Introduction to Essential Oils: Chemotypes
Chemotypes: The aromatic oils found in plants are built from three basic elements: carbon, hydrogen and oxygen. Depending on the type of molecules they contain, volatile oils are classified into different chemical groups. These chemical groups are called chemotypes. Chemotypes are a phenomena of nature when plants from the same genus and species produce different aromatic molecules. The specific molecules produced by each plant are determined by genes and enzymes.
Phenols are the most stimulating, bactericidal and immune-modulating of all the aromatic groups. Phenols are usually irritating to the skin and toxic to the liver, and therefore should be used with caution and in low dilution for short periods of time. The oils in this group are clove, oregano, savory, and certain thymes.

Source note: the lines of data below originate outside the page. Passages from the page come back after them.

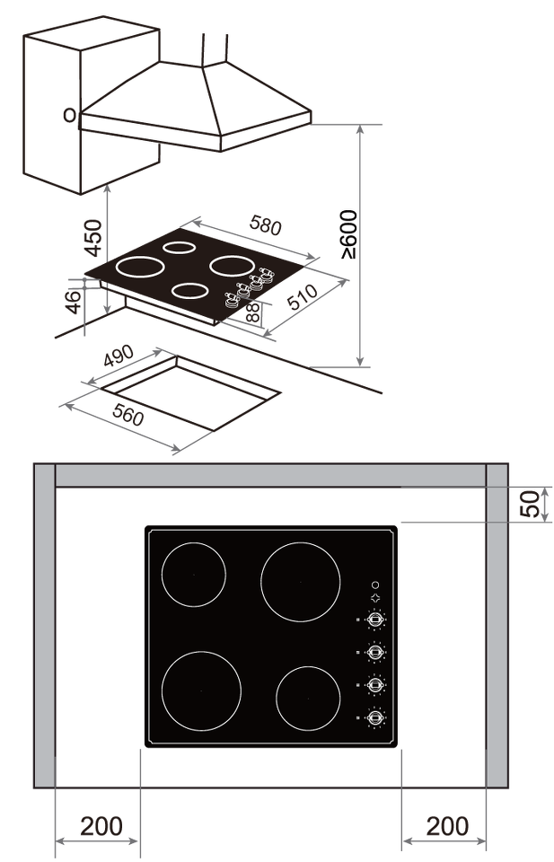 Размер варочной панели 60см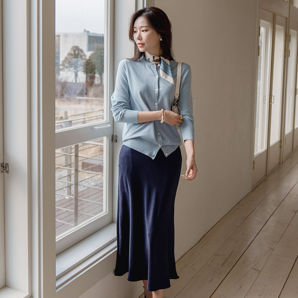 颜色 点缀 柔丝 圆领 针织衫 开衫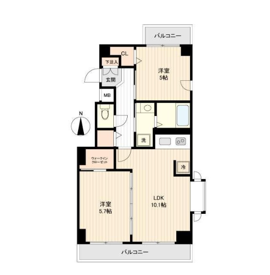 洗濯物が乾きやすい、日当たり良好な南向きのバルコニー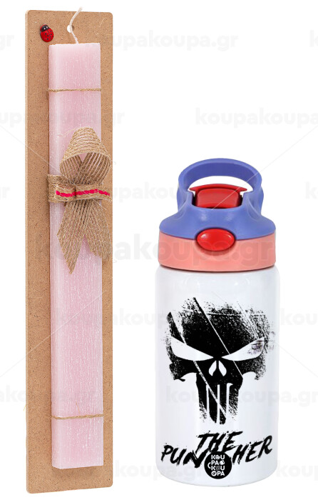 The punisher, Easter Set, Children's thermal stainless steel water bottle with safety straw, pink/purple (350ml) & Easter scented flat candle (30cm) (PINK)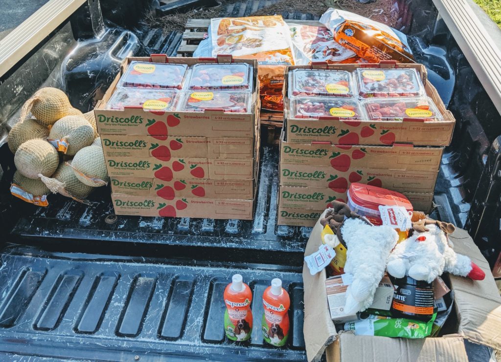 HUHA just donated dog food, produce, two bottles of itch relief shampoo, box of treats and toys, pro-biotics to our friends at CARES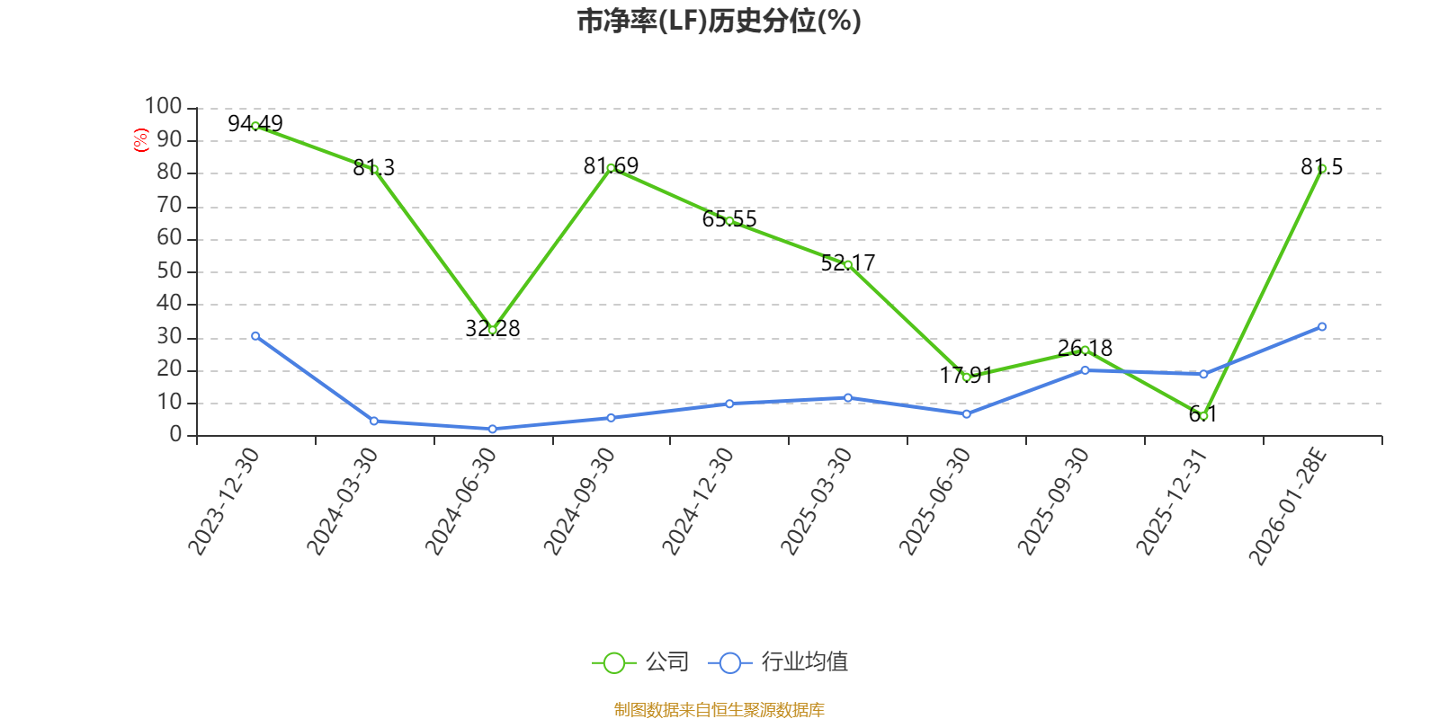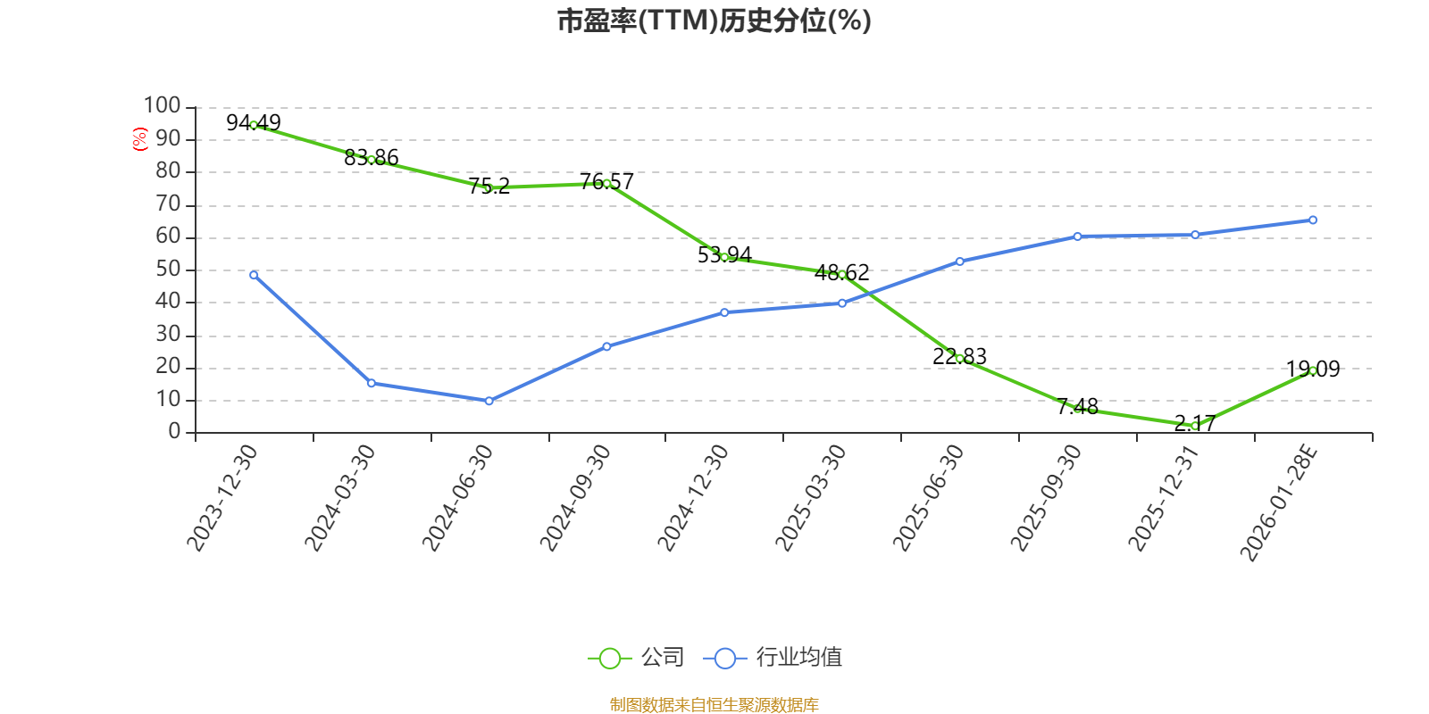 市盈率、市净率为负时,不显示当期分位数,会导致折线图中断。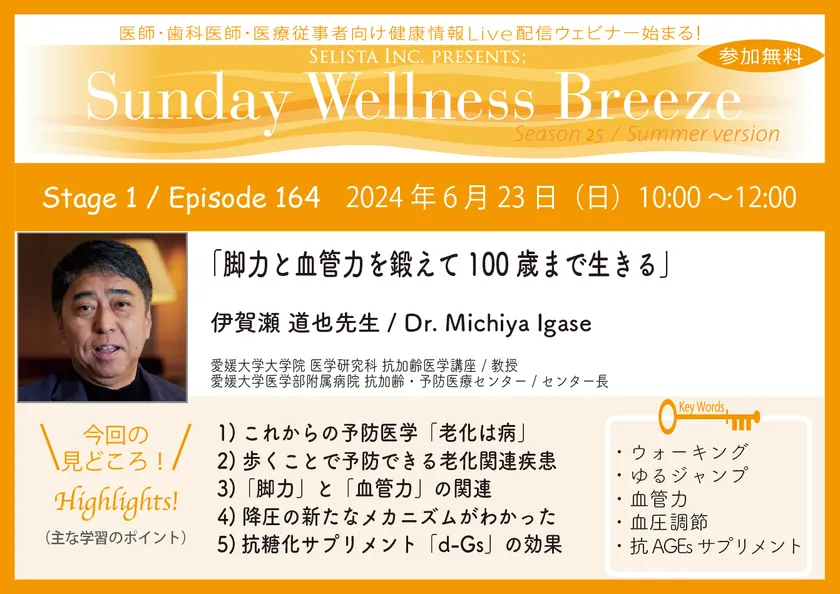 セリスタ株式会社(東京都千代田区 代表取締役 伊藤 承正)は、2024年6月23日(日)に、伊賀瀬 道也先生(愛媛大学大学院 医学研究科 抗加齢医学講座/教授)を講師にお迎えし、医師・歯科医師などの医療従事者向け無料Zoomオンラインセミナー『脚力と血管力を鍛えて100歳まで生きる』を開催します。

Terpenes: Terpenes are antiseptic and stimulating and can be irritating to the skin in concentrated amounts. Essential oils in this group include lemon, orange, mastic, nutmeg, angelica, pine, black pepper and bergamot. A subgroup of terpenes is the sesquiterpenes and are mainly distilled from the root or wood of the plant and can contain anti-inflammatory, antiviral, antibacterial, analgesic, antispasmodic and sedative qualities. This group includes clove, rose, chamomile, tansy, yarrow, valerian and carrot seed.
Alcohols: This group contains essential oils that are toning, stimulating, antibacterial, antiviral, and are generally non-toxic. The oils in this group are geranium, ravensara, rosewood, rose, and tea tree. Others in this group that are anti-inflammatory and stimulate immune response are neroli, chamomile, carrot seed, sandalwood, vetiver, ginger, patchouli and rose.

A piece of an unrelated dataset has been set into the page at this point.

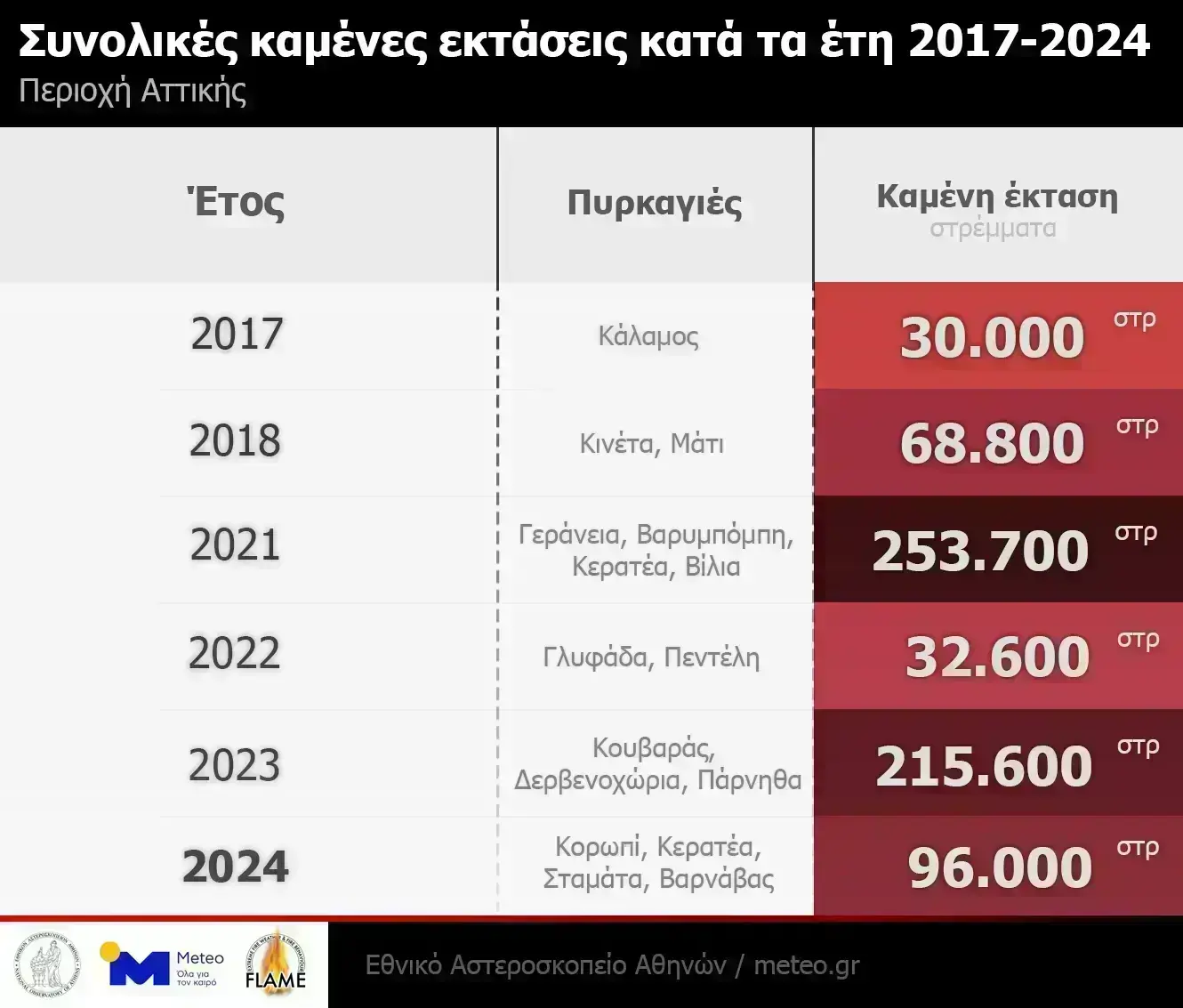 Η συνολική επιφάνεια της Περιφέρειας Αττικής (χωρίς την περιοχή της Τροιζηνίας, των νησιών και του Λεκανοπεδίου) είναι 2.500.000 στρέμματα, οπότε τα τελευταία 8 έτη το 26% της συνολικής επιφάνειας έχει καεί από δασικές πυρκαγιές. Στην Περιφέρεια Αττικής η επιφάνεια των δασικών εκτάσεων είναι περίπου 1.230.000 στρέμματα και τα τελευταία 8 χρόνια έχουν καεί 450.000 στρέμματα δάσους, δηλαδή το 37% της επιφάνειας των δασών. Η πρόσφατη πυρκαγιά που ξεκίνησε από τον Βαρνάβα Αττικής και έφτασε μέχρι την οικιστική ζώνη του Λεκανοπεδίου, έκαψε ένα μεγάλο τμήμα δασικής έκτασης της Βορειοανατολικής Αττικής.

Ketones: The action of ketones is mucolytic or dissolves mucous, wound healing, and dissolves fats. They are found in sage, hyssops, pennyroyal and thuja The are potentially toxic due to the possible epileptic, abortifacient and convulsive effects. Nontoxic oils in this group are jasmine fennel and to some extent peppermint.
Esters: These are the most balancing of all the chemical families of the essential oils. They are soothing and have anti-fungal and antispasmodic effects. They tend to smell nice and include lavender, bergamot, clary sage, ylang-ylnag, Roan chamomile and marjoram.
Ethers: Antispadmodic effects. Included in this group are basil, tarragon and cedar.
Oxides: Essential oils in this group are tea tree, naiouli, rosemary, cajeput, hyssop, bay laurel and eucalyptus. Within this group are potentially harmful toxic molecules found in wormseed oil and some peppermint if it was harvested during flowering season.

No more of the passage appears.